Protons 1–3 were largely identical craft massing 12200 kg, with scientific packages developed under the supervision of Academician Sergey Nikolayevich Vernov of Moscow State University's Scientific-Research Institute of Nuclear Physics. Experiments included a gamma-ray telescope, a scintillator telescope, and proportional counters. The counters were able to determine the total energy of each super-high energy cosmic particle individually, a capability no prior satellite had possessed.

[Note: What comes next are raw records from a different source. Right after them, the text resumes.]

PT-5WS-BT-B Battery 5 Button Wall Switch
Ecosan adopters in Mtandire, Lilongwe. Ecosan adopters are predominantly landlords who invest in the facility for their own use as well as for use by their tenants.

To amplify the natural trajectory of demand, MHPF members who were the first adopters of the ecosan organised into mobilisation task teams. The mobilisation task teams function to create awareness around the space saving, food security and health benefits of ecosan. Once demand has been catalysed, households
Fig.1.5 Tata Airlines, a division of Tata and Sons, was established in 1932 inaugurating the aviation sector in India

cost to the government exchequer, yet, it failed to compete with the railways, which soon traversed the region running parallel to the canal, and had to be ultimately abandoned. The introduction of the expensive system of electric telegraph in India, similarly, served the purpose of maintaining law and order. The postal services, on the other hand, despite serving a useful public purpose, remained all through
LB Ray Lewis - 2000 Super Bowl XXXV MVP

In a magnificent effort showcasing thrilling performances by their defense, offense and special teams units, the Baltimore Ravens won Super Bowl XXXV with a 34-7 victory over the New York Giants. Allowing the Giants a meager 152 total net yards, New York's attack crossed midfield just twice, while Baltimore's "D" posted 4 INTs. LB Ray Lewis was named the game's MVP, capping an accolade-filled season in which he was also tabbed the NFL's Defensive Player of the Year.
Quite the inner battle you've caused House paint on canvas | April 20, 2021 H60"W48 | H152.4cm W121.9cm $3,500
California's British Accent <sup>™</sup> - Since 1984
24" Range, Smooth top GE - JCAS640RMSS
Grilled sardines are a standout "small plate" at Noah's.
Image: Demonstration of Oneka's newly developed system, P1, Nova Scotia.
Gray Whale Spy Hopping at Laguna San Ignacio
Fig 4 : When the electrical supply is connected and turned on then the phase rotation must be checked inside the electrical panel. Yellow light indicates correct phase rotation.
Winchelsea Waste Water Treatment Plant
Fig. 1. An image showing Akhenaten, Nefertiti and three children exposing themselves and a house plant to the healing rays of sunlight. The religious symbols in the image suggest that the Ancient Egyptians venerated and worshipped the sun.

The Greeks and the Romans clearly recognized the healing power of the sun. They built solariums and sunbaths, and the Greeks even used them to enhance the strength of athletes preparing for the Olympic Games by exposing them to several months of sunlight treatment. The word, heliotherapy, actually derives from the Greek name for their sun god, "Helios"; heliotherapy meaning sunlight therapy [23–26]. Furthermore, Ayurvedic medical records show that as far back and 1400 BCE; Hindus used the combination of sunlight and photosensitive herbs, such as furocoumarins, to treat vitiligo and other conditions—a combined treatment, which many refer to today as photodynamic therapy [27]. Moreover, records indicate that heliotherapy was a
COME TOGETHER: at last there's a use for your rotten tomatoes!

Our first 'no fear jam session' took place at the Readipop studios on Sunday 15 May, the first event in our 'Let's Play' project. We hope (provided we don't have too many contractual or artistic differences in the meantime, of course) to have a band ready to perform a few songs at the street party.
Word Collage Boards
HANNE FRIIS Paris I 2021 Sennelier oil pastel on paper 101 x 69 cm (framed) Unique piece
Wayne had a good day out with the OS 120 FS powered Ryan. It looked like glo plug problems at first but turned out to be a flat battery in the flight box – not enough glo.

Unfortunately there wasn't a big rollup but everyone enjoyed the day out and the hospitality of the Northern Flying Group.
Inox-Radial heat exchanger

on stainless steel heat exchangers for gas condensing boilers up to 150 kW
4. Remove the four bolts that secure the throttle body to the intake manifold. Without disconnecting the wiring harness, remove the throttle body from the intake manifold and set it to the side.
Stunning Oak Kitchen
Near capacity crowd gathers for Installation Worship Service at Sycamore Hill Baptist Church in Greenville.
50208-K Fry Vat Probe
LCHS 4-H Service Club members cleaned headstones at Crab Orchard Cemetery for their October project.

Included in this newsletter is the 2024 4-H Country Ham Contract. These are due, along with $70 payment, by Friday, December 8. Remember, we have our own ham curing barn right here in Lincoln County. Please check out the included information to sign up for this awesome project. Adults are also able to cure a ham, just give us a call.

Though the equipment had been developed eight years earlier (by Professor N. L. Grigorov), the UR-500 was the first booster powerful enough to orbit a satellite carrying the sensitive particle counter. The counters could measure cosmic rays with energy levels up to 100 million eV.

Proton 3 also was equipped with a gas-Cerenkov-scintillator telescope to attempt to detect the newly postulated fundamental particle, the quark. The entire experiment package massed 4000 kg and was composed of metal, plastic, and paraffin blocks.

Telemetry was relayed via a 19.910 MHz beacon. Four solar panels powered the crafts, which were cooled by heat exchangers. The Protons were spin-stabilized, their attitude controlled by jet and an on-board dampener. Satellite systems were controlled by an internal computer.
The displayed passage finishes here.